SPMs are helpful at every stage of the 5 R protocol, but they are particularly useful for regeneration and repair because they reduce inflammation and promote healing.
Clinicians often find that this step can be very slow and discouraging for patients. Symptoms such as bloating and pain continue, even when they are very compliant.
This is where SPMs can make a big difference, by filling the gap in our treatment of inflammation. SPM supplements can give a patient’s immune system the final element it needs to calm the inflammation and move on to homeostasis and healing.
Healing Bones & Muscles
SPMs appear to be a highly effective treatment for preventing bone loss and stimulating bone regeneration. In particular, the resolvins found in SPMs may mediate bone preservation by directly inhibiting osteoclasts.

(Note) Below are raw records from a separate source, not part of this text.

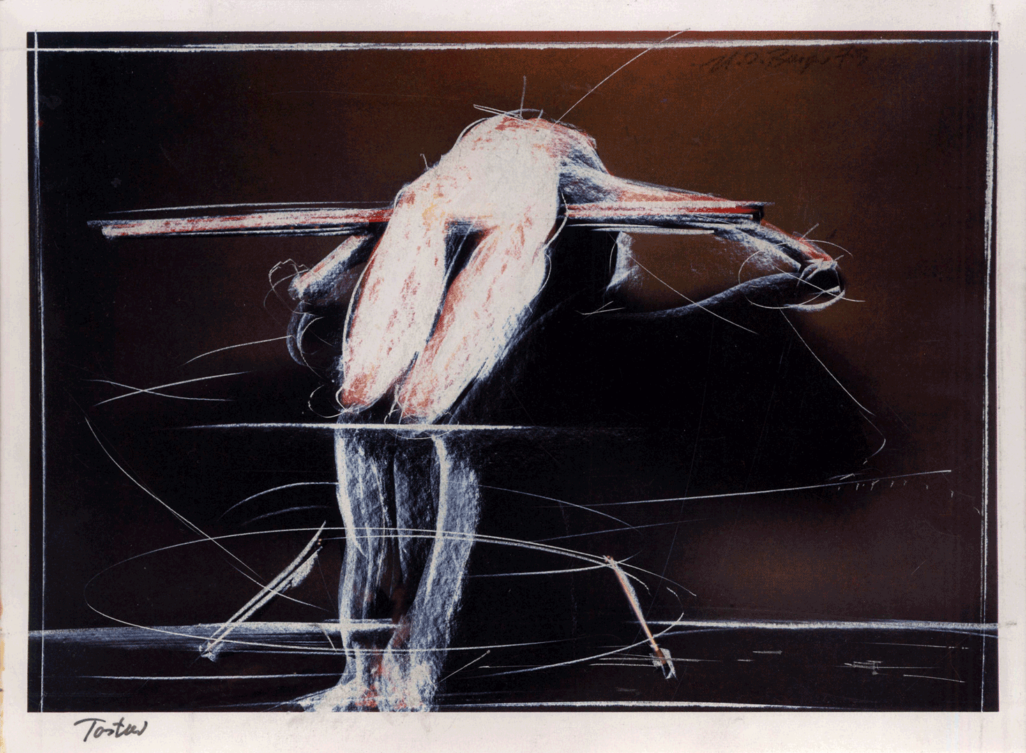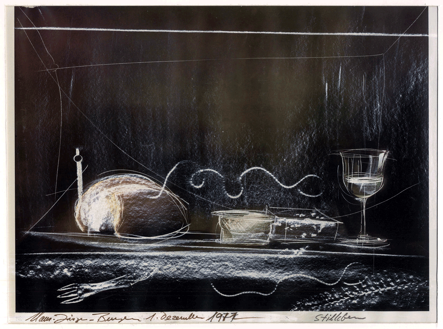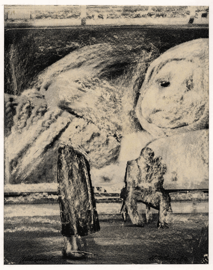 In diesen Arbeiten trägt Burger Flüssigkeiten und manchmal Lösungsmittel auf, um anschließend mit Werkzeugen zu schaben, Kontraste zu betonen, verborgene Details freizulegen und eine feine Spannung zwischen Zerstörung und Schöpfung zu erzeugen — der Akt des Schabens wird so selbst Teil der Komposition.
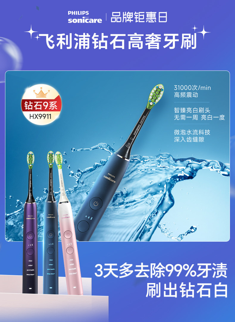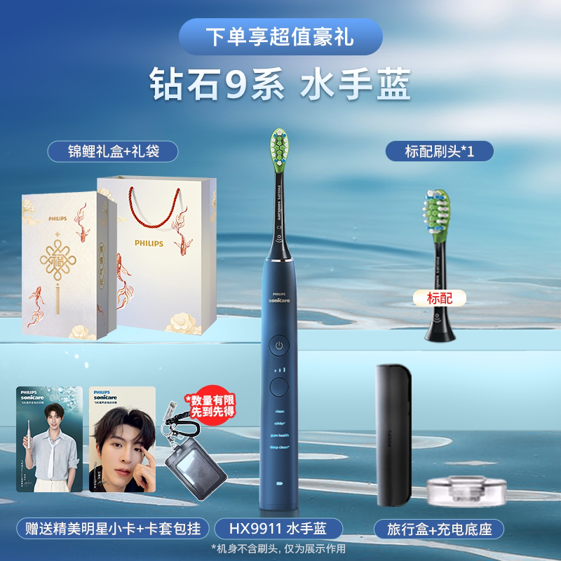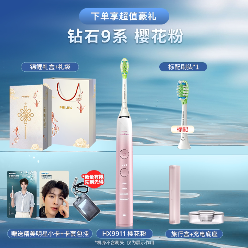 Philips/飞利浦声波智能电动牙刷钻石9系成人情侣礼物HX9911/2
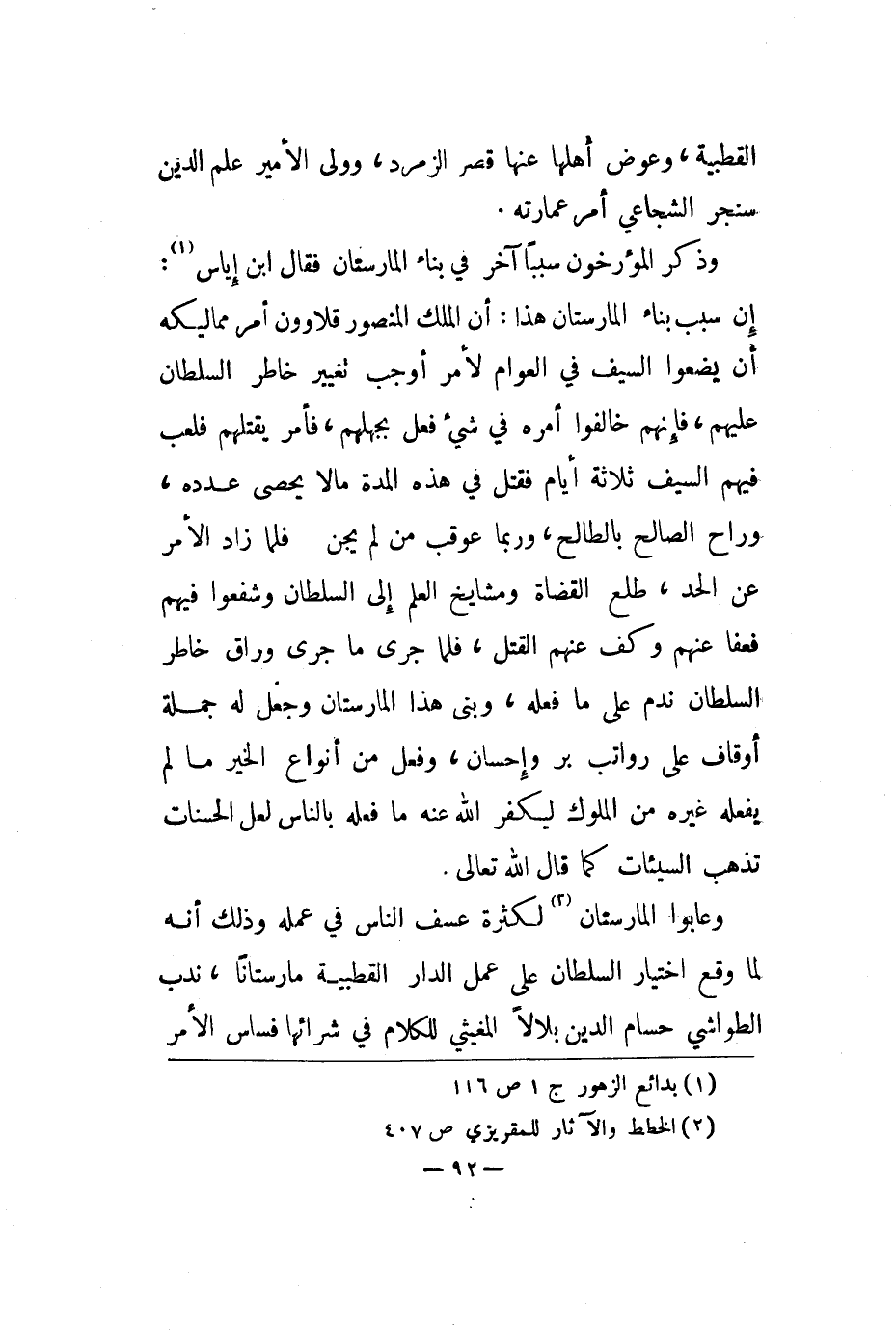 وعابوا المارستان لكثرة عسف الناس في عمله وذلك أنه لما وقع اختيار السلطان على عمل الدار القطبية مارستانا، ندب الطواشي حسام الدين بلالا المغيثي للكلام في شرائها فساس الأمر
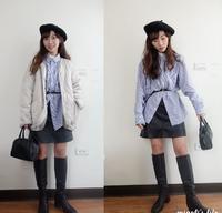 最后是这套,看日本女生**看到有人这样穿,想说条纹上衣红色外套我刚好也有~简简单单的
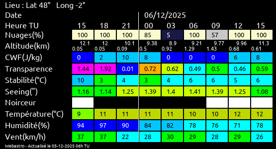 Ces paramètres sont fournis pour la nuit suivante de 12 h TU du jour en cours à 12h TU du jour suivant par pas de 3h.
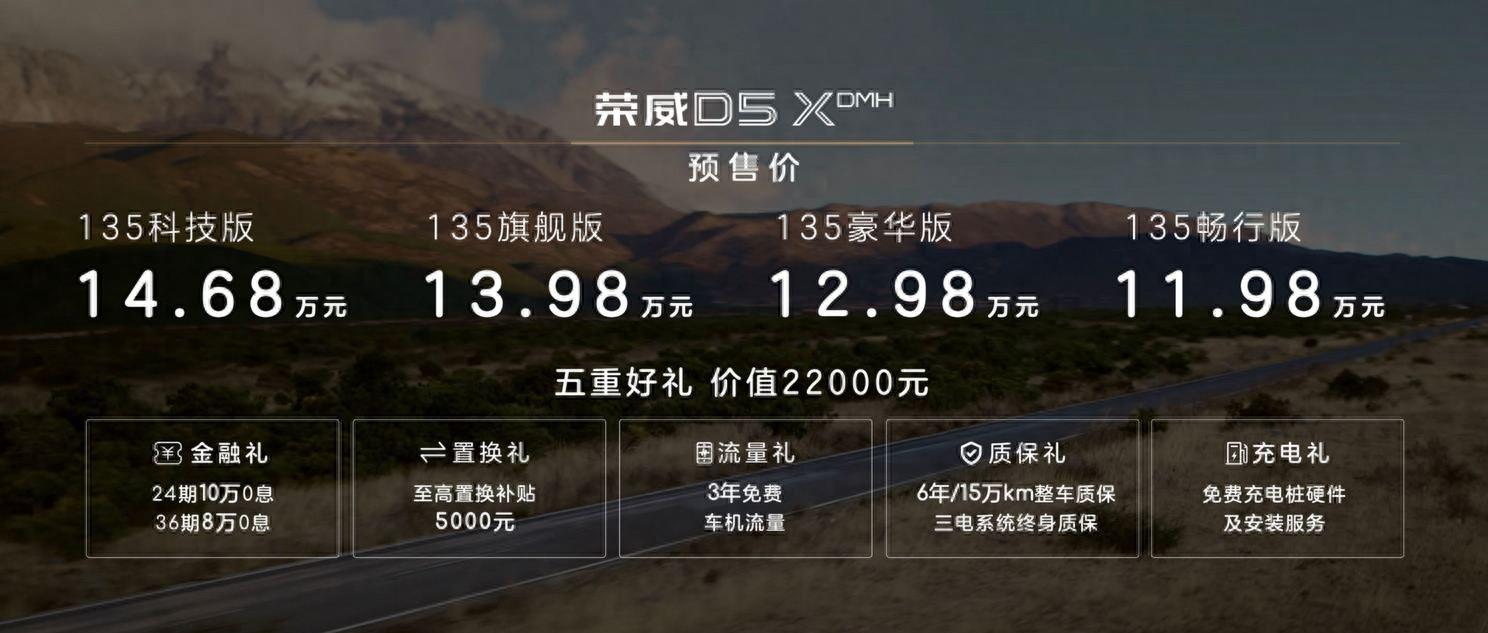 隨著新能源汽車的日益流行,各大車企都在積極推出更具競爭力的車型,比亞迪帶來了宋PLUS DM-i榮耀版,而上汽集團的榮威品牌也不甘落后,近期推出了一款實力強勁的榮威D5X DMH,定位為插混緊湊型SUV,預售價11.98萬-14.68萬,不僅價格親民,其百公里加速6.9秒,CLTC綜合續航里程達1300km,具備一定的吸引力,下面解讀下這款車的產品力表現。

For treating bone injuries, SPMs may be very helpful by improving bone regeneration and remodeling. For treating osteopenia and osteoporosis, SPMs offer a significant improvement in safety and patient comfort.
Bisphophonate drugs such as alendronate (Fosamax) and ibandronate (Boniva) inhibit osteoclast-mediated bone resorption. However, these drugs can cause dangerous side effects, such as osteonecrosis of the jaw. Selective estrogen receptor modifiers (SERMs) such as raloxifene (Evista) also slow bone loss, but carry a high risk of dangerous blood clots and stroke. SPMs do not appear to generate any of these unwanted effects.
SPMs may also be valuable for treating unresolved inflammation associated with muscle injuries. When inflammation lingers on in damaged muscles, it inhibits tissue repair, which in turn leads to long-term loss of muscle mass and function.
The tightly choreographed inflammatory response to muscle injury can be easily thrown out of step by a wide range of factors, such as re-injury or dietary deficiencies. The final step in resolution isn’t reached and the inflammation continues at a low level, preventing a full return of normal function. Supplementing with SPMs as an injury heals can reduce or eliminate lingering inflammation and speed tissue remodeling.